最高検による検証結果・再発防止策報告書に関する会長声明

2010年(平成22年)12月27日
第二東京弁護士会 会長 栃木敏明
10(声)第11号

 厚生労働省元局長の無罪事件及び大阪地検特捜部によるフロッピーディスク(FD)改ざん・犯人隠避事件に関して検証を行っていた最高検察庁は、12月24日、検証結果と再発防止策をまとめた報告書を公表した。

 最高検による個別事件の検証報告は、志布志事件、氷見事件、足利事件に続き、本件が4件目の事例である。最高検が無罪判決が出される毎に検証を繰り返している事実は、いわば身内による検証の限界を示している。本報告書においても、大阪地検特捜部による捜査の問題点として、自ら想定した事件の構図と矛盾する消極証拠を軽視したまま起訴がなされたこと、誘導などによって客観的証拠と合わない供述調書が作られたこと等が指摘され、また、証拠に基づき見立てを変更するなど適切な指導や決裁のあり方を周知徹底する等9項目にわたる再発防止策が提言されている。しかし、その一部はこれまでの検証において指摘されてきたものであり、むしろ、今求められているのは、かかる事態が繰り返し引き起こされる原因を端的に指摘し、抜本的にこれを是正する再発防止策を打ち出すことである。

 私たちは、特捜部事件に限らず、死刑事件を含む冤罪事件の構造的な原因を抜本的に是正するために、取調べ全過程の可視化及び検察官手持証拠の全面的開示の実現が必要不可欠であることを繰り返し主張してきた。
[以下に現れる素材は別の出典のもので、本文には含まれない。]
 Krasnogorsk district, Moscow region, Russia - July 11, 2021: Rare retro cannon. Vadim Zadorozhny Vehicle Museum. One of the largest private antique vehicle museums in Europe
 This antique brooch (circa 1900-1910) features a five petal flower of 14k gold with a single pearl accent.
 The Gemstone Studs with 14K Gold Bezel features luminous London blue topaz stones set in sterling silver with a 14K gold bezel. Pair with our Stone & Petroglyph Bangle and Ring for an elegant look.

本件でも、取調べの全過程が可視化されていれば、誘導による虚偽自白を得ることはできず、また、証拠の全面開示がなされていれば、消極証拠の軽視も防ぐことができたであろう。
 折しも、今般、本件とは別の大阪地検特捜部の検事が、警察作成の捜査報告書から被疑者のアリバイ発言に関する部分を削除するよう求めて、改めて捜査報告書を作成させていたことが明らかになった。これも警察段階における取調べが可視化されていれば、捜査報告書の書換えは無意味に帰していたはずであり、また、証拠の全面開示がなされていれば、早期に捜査報告書改ざんの事実が判明していたはずである。
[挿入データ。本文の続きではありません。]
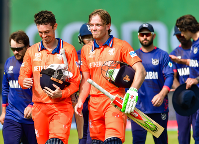 Brief Scores: Namibia 156/8 in 20 overs (Jan Nicol Loftie-Eaton 42, Jan Frylinck 30; Logan van Beek 2-13, Bas de Leede 2-20) lost to Netherlands 159/3 in 18 overs (Bas de Leede 72 not out, Colin Ackermann 32; Bernard Scholtz 1-27, Ruben Trumpelmann 1-30) by seven wickets
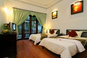 Southern Hotel and Villa hotel is a 3 star hotel . It is 25 kms from Da Nang Airport and 28 kms from Da Nang railway station to our hotel. Southern Hotel and Villa is Situated in peaceful and quiet place, a convenient hotel for all travelers. Just 15 minutes walking to the An Bang beach. Tra Que organic vegetable village and Japanese trader tombs are also just some step from the hotel. We take pride in our ability to fulfill your requests , our complimentary Shuttle service will drop you off at the beach or in Town any time between 6am and 10pm , our restaurants serve local , Asian and Western dishes. Southern Hotel and Villa is a boutique hotel with 34 elegant rooms. All rooms offer city, green field and pool view and was equipped with modern amenities such as Individual controlled air-conditioning, Satellite TV with international channels, Private bathroom with bath_tub and shower, hot & cold shower, mini-bar, IDD telephone, Coffee/Tea making facilities, Safe box, Working desk, Hair dryer, Wifi and DVD player in room. The hotel has four types of rooms consisting of Superior,Deluxe Villa,Special Deluxe Villa and Family Deluxe Room. Superior room is 30 square metre, Deluxe is 35 square metre, Special Deluxe is 70 square metre and Family room is 70 square metre. The well-trained, friendly and zealous staff promises to bring guests the best services. Staying Southern Hotel And Villa, guests can discover the new sensations with the surrounding connected sites as: My Son Sanctuary, Marble Mountain, Ba Na Highland,Tra Que Village... It is easy to take the boat tour on Thu Bon River, to Cham Island or witness many other nice things from Hoi An City. Guests will have the Best and Valued Money Services when staying at Southern Hotel& Villa Hoi An.

 また、本報告書では、再発防止策の一つとして、特捜部担当の身柄事件について、被疑者の取調べの録音・録画を試行することが提案されている。これは、自白した後の調書読み聞かせ部分などに限って一部録音・録画することを予定しているものであり、取調べの核心部分を継続的に録画しておらず、取調べの適正化を担保できないものである。この点、メディアの一部はこれを「一部可視化」と評しているが、その表現は適切さを欠くものであり、弁護士会が主張している「可視化」とは全く異質な制度であるというべきである。また、取調べの全過程の可視化は、特捜部以外の検察庁及び警察の取調べにおいても同時に実現されなければならない。

 「検察の在り方検討会議」は、これまで合計3回の会議が開かれたが、本報告書の提出を受けて、2011年1月からは毎週1回のペースで本格的な会議が開かれる予定である。
 同会議は、今回の大阪地検特捜部における一連の事態を受けて、幅広い観点から抜本的な検討を加え、有効な改革策について提言することを目的として設置されたものであるから、刑事司法を抜本的に改革すべく、取調べの全過程の可視化及び検察官手持証拠の全面的開示の各実現に向けた改革提言を行うよう改めて強く求めるものである。